Not until Palmer, that is, when in 1960 he won the Masters and U.S. Open and openly discussed the idea of winning The Open at St. Andrews and the PGA Championship, calling it a modern slam. Although Palmer finished a shot behind Kel Nagle at the '60 Open (he would win it in '61 and '62), the idea of winning all four majors took hold -- although Palmer's personal nemesis would become the PGA Championship, a title he never claimed, denying him a career slam.
But he had a prolific career nonetheless. He was the first player to win $1 million and when he captured his fourth Masters and seventh major title in 1964, he had 43 PGA Tour victories on his way to 62. His last came at the 1973 Bob Hope Classic. Palmer captured 10 titles on the senior tour, including two PGA Seniors' Championships and a U.S. Senior Open. His last win on that circuit came in 1988.
Although his skills diminished, Palmer kept on playing. He lamented being able to "hear the ball land in the fairway,'' a self-deprecating way of saying he didn't hit it far enough.

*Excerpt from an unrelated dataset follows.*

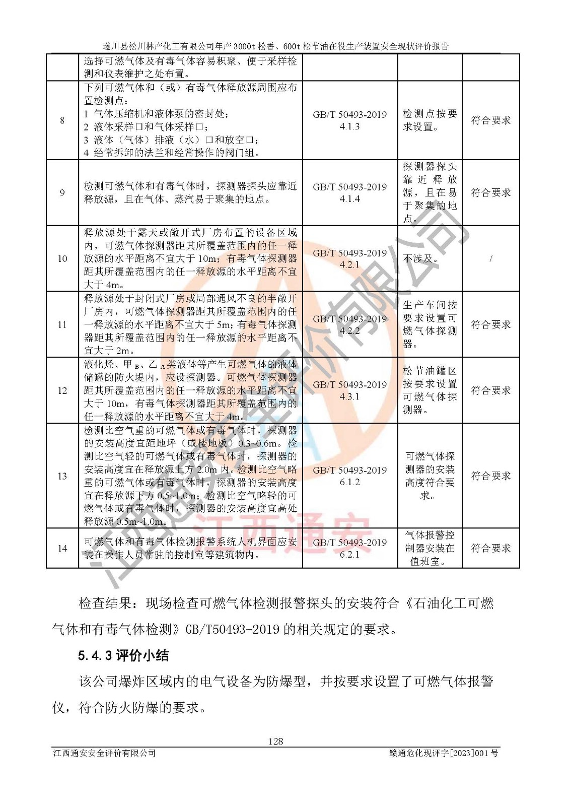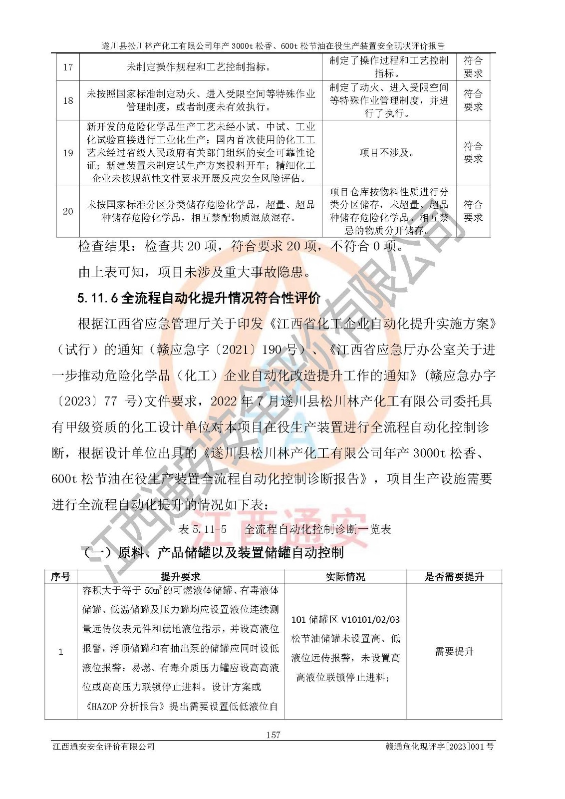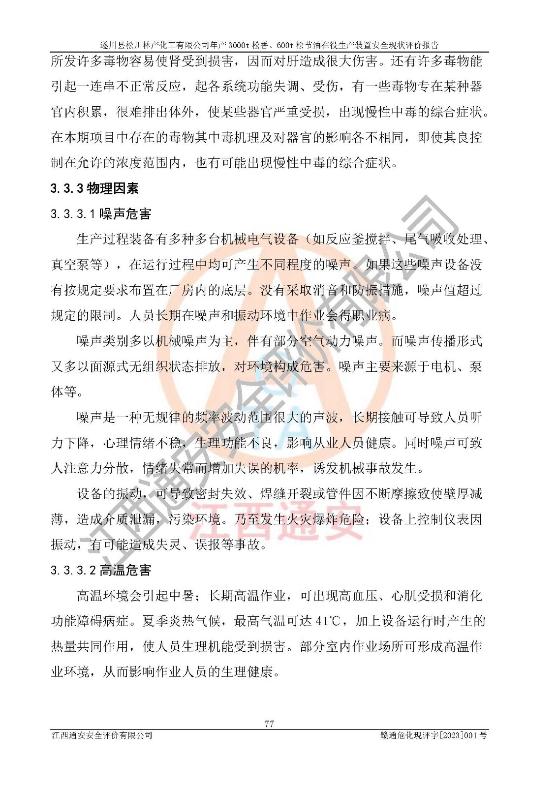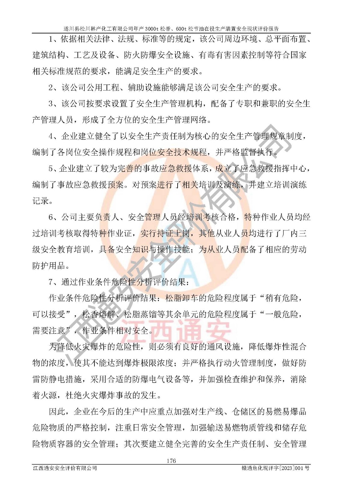 評價結(jié)論 | 本報告認為,遂川縣松川林產(chǎn)化工有限公司年產(chǎn)3000t松香、600t松節(jié)油在役生產(chǎn)裝置現(xiàn)場情況與設(shè)計圖紙一致,設(shè)置的控制措施和可燃氣體檢測報警裝置設(shè)置與設(shè)計一致,并且運行良好。有關(guān)從業(yè)人員資格符合《江西省危險化學品安全專項整治三年行動實施方案》要求,安全設(shè)施及安全管理符合**及有關(guān)部門關(guān)于安全生產(chǎn)法律、法規(guī)、標準的要求,安全設(shè)施正常投用且運行**,安全風險是可以控制的,其風險程度是可以接受的,安全現(xiàn)狀符合安全生產(chǎn)條件,能夠滿足安全生產(chǎn)的要求。。 | |||

Palmer often played in the pro-am of his Arnold Palmer Invitational in Orlando, threatening to stop, frustrated by his poor form. No matter; he attracted huge galleries, not a soul in attendance caring for a second that the ball didn't travel as far, that the scores weren't as low.
They came to watch a legend, and he always acknowledged their presence, something that once cost him a major, but always endeared him to legions of fans.